Article 50 — appears when the request is classified as limited or high risk under the EU AI Act. Surface the disclosure string to the end user before they consume the response.

FieldTypeDescription
disclosurestringThe text the end user must see (e.g. "This response was generated by AI.").
appeal_instructionsstringHow the end user can contest a high-risk decision (per Article 86).
enforcement_tokenstring (JWT)HS256-signed JWT issued only on limited / high-risk responses. First-party SDKs verify the signature and refuse to render the response until the disclosure has been displayed and the token's jti has been ack'd back to the audit chain. TTL 5 minutes — older tokens are rejected on ack.

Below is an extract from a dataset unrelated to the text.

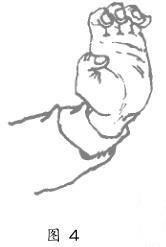 拇指弯曲外展,其余四指并紧,使第二、三节指骨弯曲,但不得屈(拢图4)。

The signing key is rotatable via the ENFORCEMENT_SIGNING_KEY env var; the aud claim binds the token to the request id.

liability_attestation

Article 86 / shared responsibility — every successful response carries a JWT signed by Meridian Blue's control plane partitioning responsibility between provider, deployer, and Meridian. Verify it server-side when you persist the response so an audit trail can later prove who was responsible for what at the moment of generation.

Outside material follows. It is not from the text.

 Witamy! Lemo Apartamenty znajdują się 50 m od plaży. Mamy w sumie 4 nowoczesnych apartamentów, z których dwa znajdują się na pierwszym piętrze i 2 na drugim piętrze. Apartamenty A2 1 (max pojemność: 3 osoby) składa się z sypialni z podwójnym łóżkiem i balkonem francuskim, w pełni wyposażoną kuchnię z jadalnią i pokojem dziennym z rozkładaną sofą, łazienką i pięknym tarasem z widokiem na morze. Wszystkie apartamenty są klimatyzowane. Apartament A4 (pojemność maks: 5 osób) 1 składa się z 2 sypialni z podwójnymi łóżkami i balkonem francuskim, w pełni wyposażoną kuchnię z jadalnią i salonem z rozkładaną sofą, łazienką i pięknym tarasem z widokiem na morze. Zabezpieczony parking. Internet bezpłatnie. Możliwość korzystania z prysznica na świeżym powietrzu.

The token is a top-level string (not nested in another object) so log scrapers can grep for it by name. Claims include iss, aud (the request id), jti, iat, exp, plus Meridian-namespaced claims describing the routing decision and the deployer's signed policy version that approved it.

truncation

Appears only when auto_truncate: true was set on the request and the prompt exceeded the chosen model's context window. The receipt is also surfaced as the X-Meridian-Truncated header.

FieldTypeDescription
original_tokensnumberToken count before truncation.
truncated_tokensnumberToken count after truncation (≤ model context window).
strategystringStrategy applied — typically middle_out (drop oldest non-system messages first).

free_quota_reminder

Surfaces an in-band countdown when the user is in the trailing 20 of their daily free request quota (responses 181 through 200 with the spec's 200/day default). Helps client UIs nudge the user toward a paid plan before the hard wall hits. Absent on every other response.

FieldTypeDescription
remainingnumberFree requests remaining after this response is counted. Hits 0 on the 200th of the day.
daily_limitnumberDaily free quota cap for the user's tier (200 by default).
messagestringPlain-text upsell ready to surface in your UI. Tail copy varies: users with credit balance see "Use a paid model to continue your experience"; users without credits see "Add funds to your account to use paid models once your daily free requests are exhausted." No emojis.

dry_run

Boolean (always true when present). Set on responses to requests that carried the X-Meridian-Dry-Run: true header — those return the routing decision, risk_classification, and explainability envelope but do not call the upstream provider, do not bill the caller, and emit an empty choices: []. Use this for CI checks ("would this prompt make it through the policy?") and dashboard explainability previews.

Client handling

The extension fields are additive — you don't have to consume any of them. Most teams pull two values into their own logs:

  • billing.cost for cross-checking against the dashboard usage export.
  • billing.isFallback to track per-tenant upstream provider reliability.

If you need the same routing info at the HTTP level (so a proxy or log scraper doesn't have to parse the body), every field above also appears as an X-Meridian-* response header — see Headers.